A Boss for Viacom's Pay TV Venture


Former Showtime executive Mark Greenberg is expected to be named chief of the Paramount, MGM, and Lions Gate channel

A former top Showtime executive is expected to be named chief executive officer of a new pay TV channel and online service being created by three movie studios, a move seen as another slap in the face to CBS's (CBS) premium channel.

During his 17 years at Showtime, Mark Greenberg worked in a variety of areas, from developing its boxing programming to marketing and sales to affiliate relations. But in March, 2006, sources say Greenberg was forced out after clashing with Showtime Networks CEO Matthew Blank. Since then Greenberg has been working as a consultant, most recently for Blockbuster (BBI) on its Total Access strategy, which is its attempt to compete with Netflix (NFLX). He began his career at Time Warner's (TWX) premium channel HBO.

Viacom's (VIA) Paramount Pictures, MGM, and Lions Gate Entertainment (LGF) announced Apr. 20 they would team up to launch a new pay TV channel that would have a strong online offering as well. Viacom will be providing operational support to the channel through its MTV Networks division. The announcement came as the three studios were opting not to renew their deals to supply Showtime with their movies, after the channel asked them to lower their fees. In addition to showing movies, the channel will develop original programs.

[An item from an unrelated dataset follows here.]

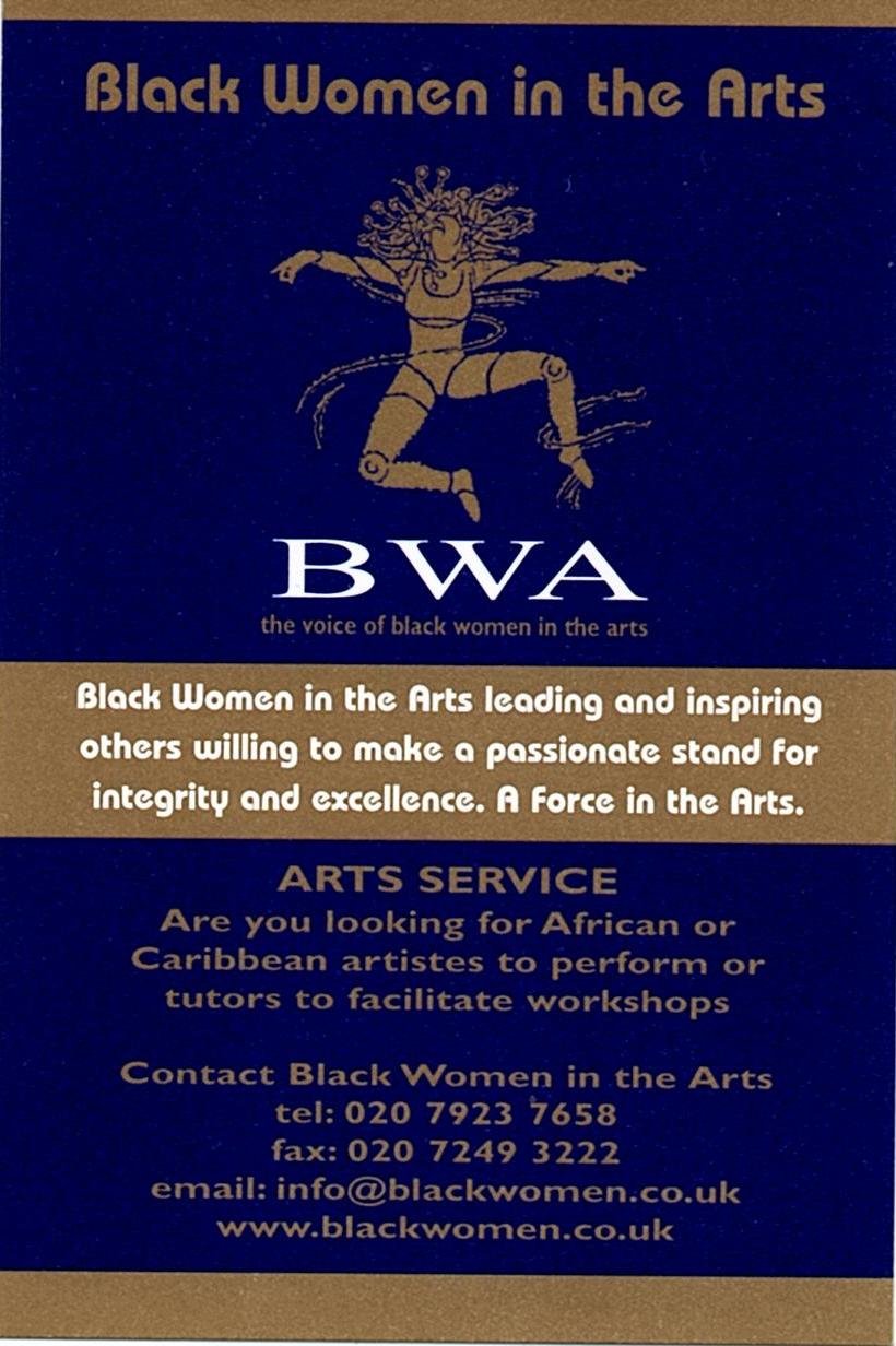First our name Black Women in the Arts well it came from a discussion at one of our meetings that the three founders (Beverley, Chris and Lola) had from 1994 onwards. The first of many meetings that took place at Lola’s in Tottenham. You could say that the organisation was born in Tottenham. Our very first office was in Hackney at the Metropolitan Business Centre, Kingsland Road, London N1 5AZ This logo was designed by one of the founding members (Chris Charles) brother-in-law Frank. It took him several weeks to come up with the logo, but it was well worth the wait, we were delighted with the final design. From 1997 onwards we began using logo and the acronym but were force to remove the ‘I’ from the logo as the acronym resembled the then airline British West Indian Airways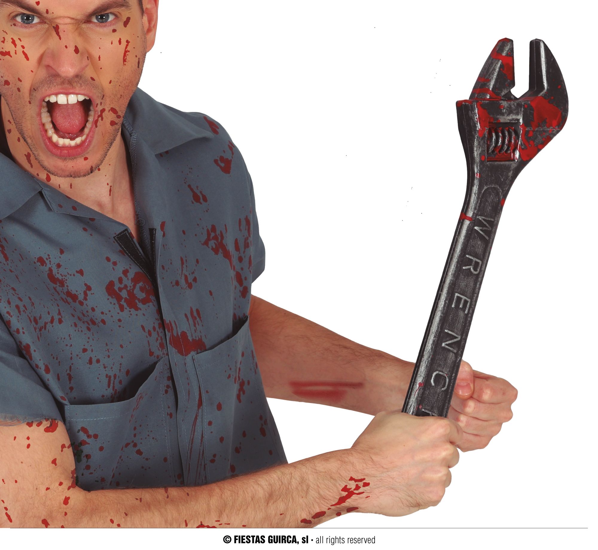 La llave inglesa contiene una llave inglesa manchada con sangre, ideal para complementar tus disfraces para Halloween.

Stoking the CBS-Viacom Rivalry

The decision to create a new channel is making for a particularly prickly situation since CBS was, until late 2005, part of Viacom, before being spun off as a separate company. Octogenarian mogul Sumner Redstone serves as chairman of both CBS and Viacom. That Viacom would recruit a former deposed Showtime executive to run the channel will almost certainly stoke the rivalry that has emerged in the past two years between CBS and Viacom.

Greenberg did not return a phone call seeking comment. "Mark getting this job is definitely another f— you to Matt (Blank)," says one Showtime executive who asked not to be identified. A Showtime spokesperson declined to comment. A Viacom spokesperson declined to comment as well.

By having worked in most areas of a pay TV channel, Greenberg brings a breadth of experience to the still-unnamed venture. The channel will face enormous challenges, particularly since HBO, Showtime, and Starz have been in existence for decades. Among the hurdles for the new channel will be convincing consumers to pay to watch Hollywood movies when they are increasingly being made available in other places; it will also have to deliver hit shows at a time when other cable channels are putting emphasis on creating original programs. What's more, getting distribution from cable giants like Comcast (CMCSA) will be a tough sell since basic and digital tiers are already crowded with a variety of channels.

Lowry is a senior writer for BusinessWeek in New York.